* [About this task]: Lower down are entries containing pictures. Copy exactly, without those pictures, the lines from the line with "poseer el difunto, es" through the line with "Athletics Federation (IAAF).".

* [Given data]:
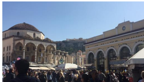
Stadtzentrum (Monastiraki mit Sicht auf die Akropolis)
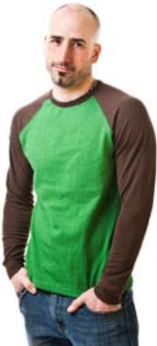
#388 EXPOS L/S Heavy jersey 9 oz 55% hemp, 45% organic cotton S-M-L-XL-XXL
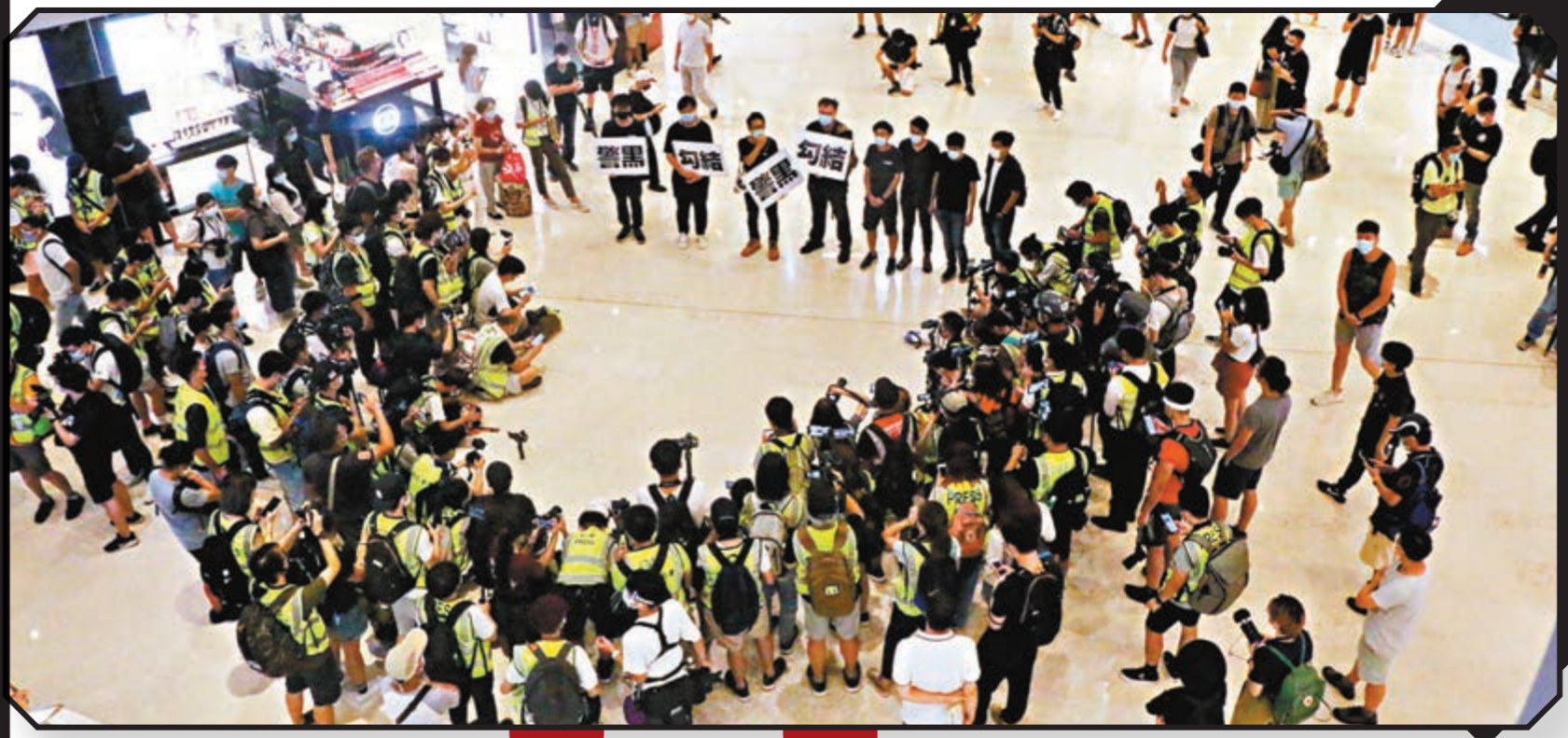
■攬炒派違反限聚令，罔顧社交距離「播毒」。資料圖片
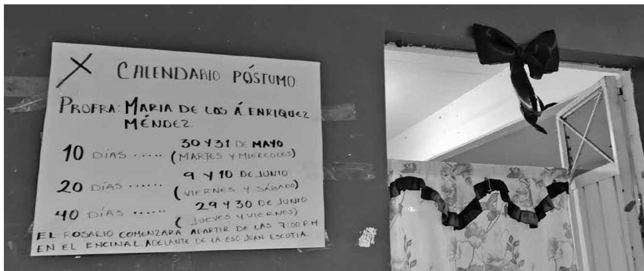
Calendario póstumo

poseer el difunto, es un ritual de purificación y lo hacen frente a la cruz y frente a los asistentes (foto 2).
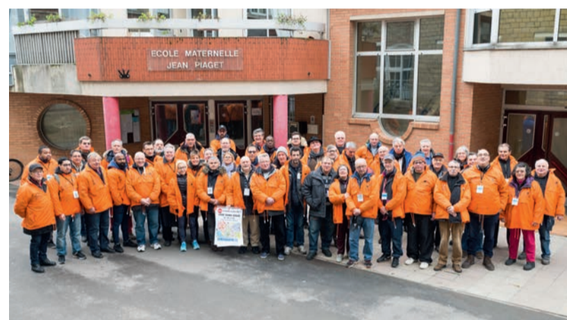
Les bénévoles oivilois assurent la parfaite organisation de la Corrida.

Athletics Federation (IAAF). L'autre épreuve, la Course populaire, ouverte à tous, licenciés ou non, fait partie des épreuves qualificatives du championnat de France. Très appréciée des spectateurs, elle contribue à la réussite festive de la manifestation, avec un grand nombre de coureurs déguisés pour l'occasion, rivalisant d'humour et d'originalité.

...

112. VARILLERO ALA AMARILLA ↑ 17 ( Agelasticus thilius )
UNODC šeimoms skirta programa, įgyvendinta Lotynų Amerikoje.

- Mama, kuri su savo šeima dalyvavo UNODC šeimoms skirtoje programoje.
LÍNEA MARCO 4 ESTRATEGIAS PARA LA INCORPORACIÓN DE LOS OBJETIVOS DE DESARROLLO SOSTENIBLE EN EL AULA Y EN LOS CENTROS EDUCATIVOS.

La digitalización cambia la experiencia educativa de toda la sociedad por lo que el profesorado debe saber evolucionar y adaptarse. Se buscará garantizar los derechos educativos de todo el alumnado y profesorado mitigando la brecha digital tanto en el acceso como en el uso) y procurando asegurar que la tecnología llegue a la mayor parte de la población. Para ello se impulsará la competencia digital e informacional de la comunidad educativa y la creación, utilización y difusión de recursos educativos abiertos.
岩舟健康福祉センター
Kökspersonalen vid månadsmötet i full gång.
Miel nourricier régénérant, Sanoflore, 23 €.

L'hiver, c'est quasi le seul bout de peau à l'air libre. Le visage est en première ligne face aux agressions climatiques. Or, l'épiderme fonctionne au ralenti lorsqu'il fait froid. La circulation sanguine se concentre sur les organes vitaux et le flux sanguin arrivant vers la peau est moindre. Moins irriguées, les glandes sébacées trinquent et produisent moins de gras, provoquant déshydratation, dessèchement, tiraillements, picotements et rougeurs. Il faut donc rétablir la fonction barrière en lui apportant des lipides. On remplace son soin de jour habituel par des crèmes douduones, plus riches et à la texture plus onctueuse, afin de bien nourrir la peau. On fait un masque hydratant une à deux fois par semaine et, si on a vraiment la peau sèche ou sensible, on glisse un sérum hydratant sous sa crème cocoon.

* [Output for this task]:
poseer el difunto, es un ritual de purificación y lo hacen frente a la cruz y frente a los asistentes (foto 2).
Les bénévoles oivilois assurent la parfaite organisation de la Corrida.

Athletics Federation (IAAF). L'autre épreuve, la Course populaire, ouverte à tous, licenciés ou non, fait partie des épreuves qualificatives du championnat de France. Très appréciée des spectateurs, elle contribue à la réussite festive de la manifestation, avec un grand nombre de coureurs déguisés pour l'occasion, rivalisant d'humour et d'originalité.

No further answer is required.